Страница 19 из 77
В то же время мы сами находились в стадии разворачивания и не считали себя вправе принять какие либо решительные меры в отношении населения. Партизаны угрожают населению сжечь их хлеба, потому что они этот хлеб отдадут немцам, а люди просят помощи и плачут — чем же питаться зимою и кормить своих детей? Вот и приходилось посылать наши части по деревням для охраны и уборки урожая. Как правило, прибывшая в деревню часть обращалась к бургомистру, и тот указывал, кому из многодетных семей помочь, ответственным же за наряд в таких случаях являлся командир части. И все-таки нужно заметить, что и партизаны тоже были разные; одни боролись против оккупантов и с населением вели себя терпимо, другие себя не жалели, но и никого не щадили; большинство же были просто мужчины, скрывавшиеся в лесах, чтобы избегнуть колючей проволоки или принудительной работы. Я бы сказал, что и политические убеждения всех этих людей, сидевших в лесах, были разные, иногда даже противоположные, и только после того, как фронт стабилизировался и с Большой земли, как тогда говорили, стали снабжать партизан политическими руководителями и комсоставом, все, независимо от их убеждений, заговорили старым, привычным языком политграмоты. За целый минувший год партизанщина не нашла своего хозяина и вновь должна была стать орудием большевиков. А между тем это были серьезные кадры антикоммунистической борьбы, погубленные алчной и тупой политикой нацистов.

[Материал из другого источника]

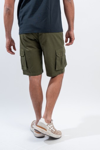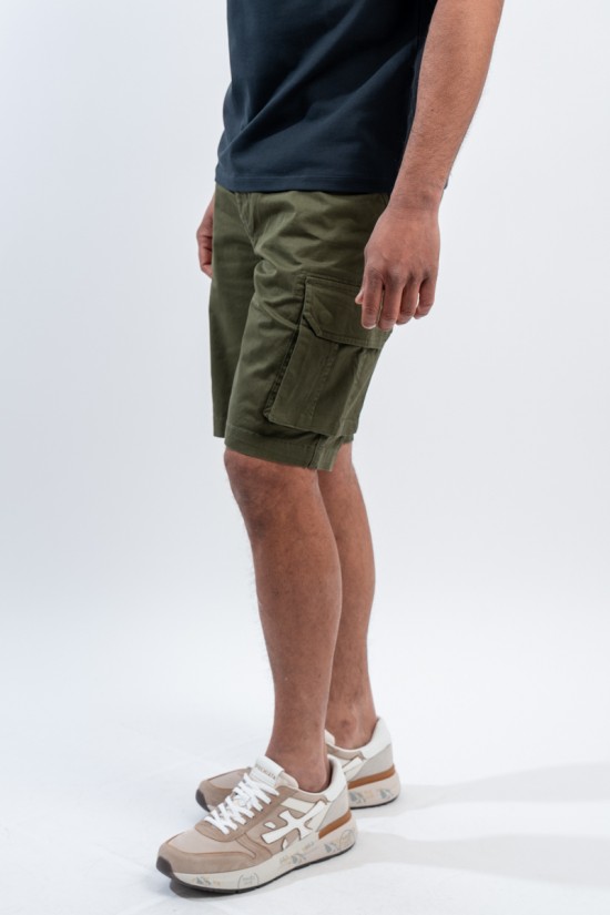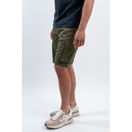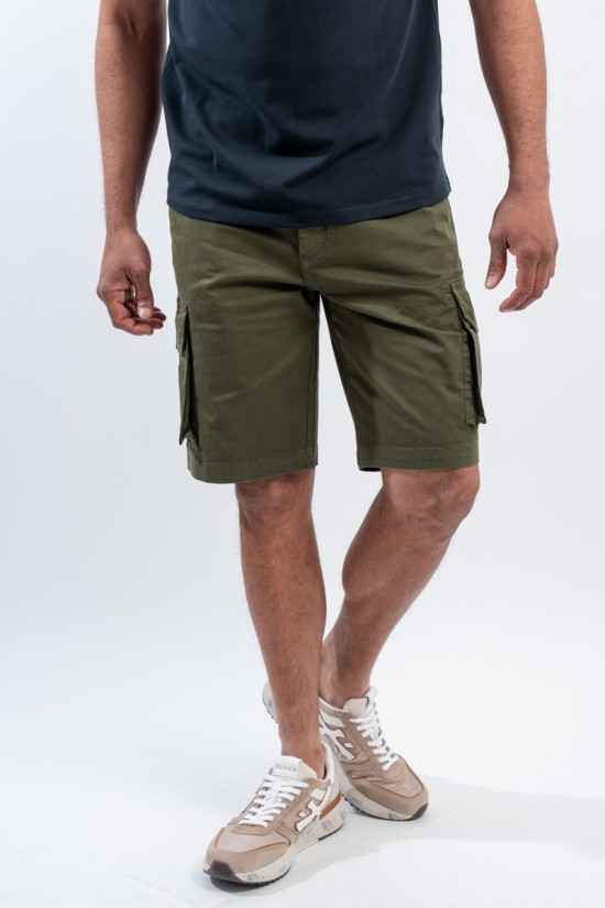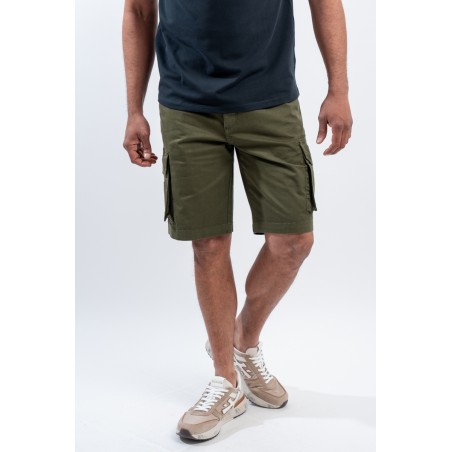 Men's Bermuda shorts sun 68 in stretch cotton. Cargo style with side pockets, French pockets. Central closure with covered zip and button.

Таким образом, большевики стали хозяевами тыла немецкой армии. Победители незаметно для себя оказались в ловушке. Летом 1942 года целый ряд шоссейных дорог был наглухо закрыт из-за партизанских налетов, а железнодорожные пути партизаны систематически взрывали, где хотели и когда хотели. Железнодорожная прислуга на далеких от больших городов станциях устраивала бункера, где дежурили целыми ночами, боясь спать.
Первый партизан, попавший нам в плен, был молодой долговязый парень, родом из Белоруссии. Его, как и некоторых из его товарищей, выделили из армии на специальные курсы обучения партизанским методам борьбы (в г. Козельске) и подбросили его в немецкий тыл. Парень был страшно перепуган, но наши солдаты его успокоили. Поговорили с ним о настроениях и делах на той стороне, я ему сказал, чтобы он пожил немного с нами и узнал и наши идеи и задачу. Он прожил у нас две недели на полном довольствии; с ним часто беседовали, он присутствовал и на политсобеседованиях. А через две педели ему было предложено уехать домой, хотя мы знали, что человек в его положении может идти только в лес, иначе попадет за проволоку. Но нам и нужно было, чтобы он ушел именно в лес, чтобы там рассказать, что ему пришлось видеть и слышать. После этого первого случая последовало немало аналогичных, и всех партизан после соответствующей обработки отпускали на свободу. Зато и партизаны относились к нам бережно. У них была возможность охотиться за нами, но они этого не делали; они могли взорвать нас по дороге от нашего лагеря до главного шоссе, но и этого не случалось. Мало того, как-то я поехал верхом со своим адъютантом навестить роту, стоявшую в десяти километрах от штаба. Дорога шла перелесками и полями. Приехали в деревню благополучно, а через час туда же пришла женщина, разыскавшая меня с поручением от партизан. «Мы сидели во ржи, когда вы проехали мимо, и только потому, что узнали вас, не сняли вас с лошади, так и вы тоже нас не трогайте!» В другой раз большой партизанский отряд неожиданно напал на нашу хозяйственную роту, косившую сено в 25 километрах от штаба. Партизаны отобрали у наших автоматы, патроны, новые сапоги и табак, но никого не тронули.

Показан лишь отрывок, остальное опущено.